Python Package Management: A Guide to Avoid Dependency Conflicts
Oops, the latest pandas version requires ‘numpy>1.22’ but tensorflow requires ‘numpy~1.9’.
Table of contents
- Motivations
- What are conflicting dependencies?
- Understand the issue with a code example
- Design Patterns: Decoupling for Flexibility
- Optional Dependencies: Tailored for Users
- tox: Testing through the Maze of Dependencies
- Conditional Test Execution: Making Tests Smarter
- Wrap-up
- Conclusions
Motivations
As an open-source Python package maintainer and a Data Scientist, I’ve had the chance of witnessing the evolution of Melusine, a machine learning-powered email processing tool developed by MAIF.

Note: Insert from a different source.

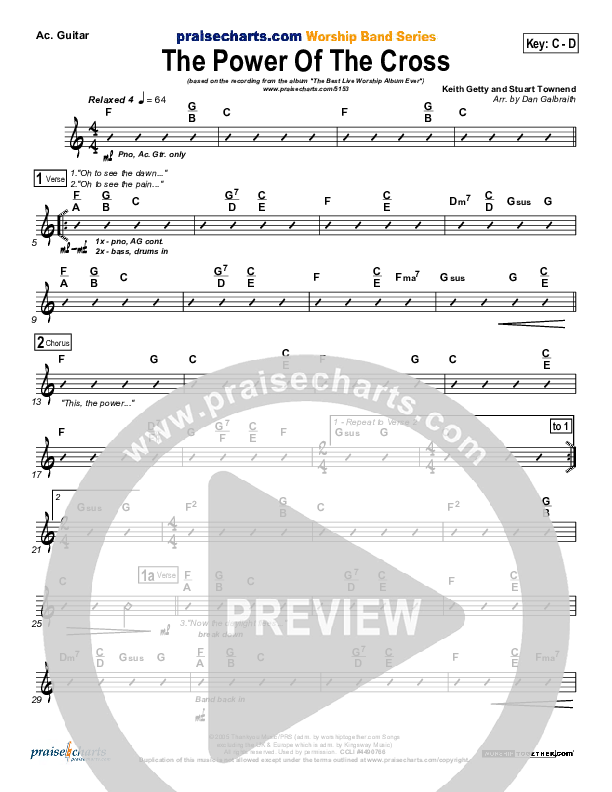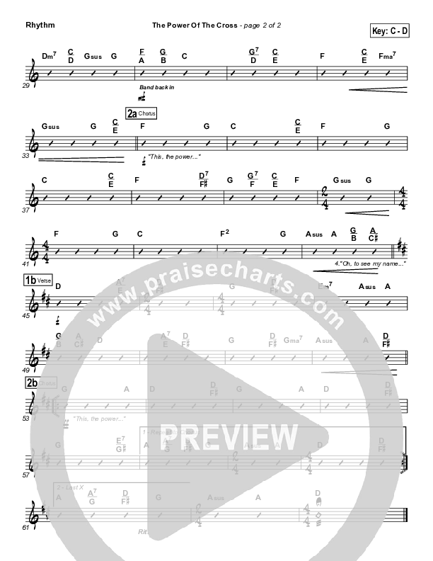 Download the Rhythm Chart for The Power Of The Cross (Oh To See The Dawn) by Stuart Townend, from the album The Best Live Worship Album Ever. This song was arranged by Daniel Galbraith in the key of Bb, C.

Released in 2019, Melusine quickly became an integral part of our daily operations, accelerating our email processing workflows. But, as the package matured and new features were added, managing dependencies has become a real challenge.
The ever-changing Python ecosystem demanded continuous updates and maintenance of Melusine’s dependencies. This manual process is time-consuming and error-prone. Outdated dependencies could introduce security vulnerabilities, compatibility issues, and disruptions in our internal systems.
Rather than attempting to patch up the existing Melusine codebase, we opted for a complete rewrite. This approach allowed us to address the dependency conflict challenges head-on, adopting a more modern and streamlined strategy.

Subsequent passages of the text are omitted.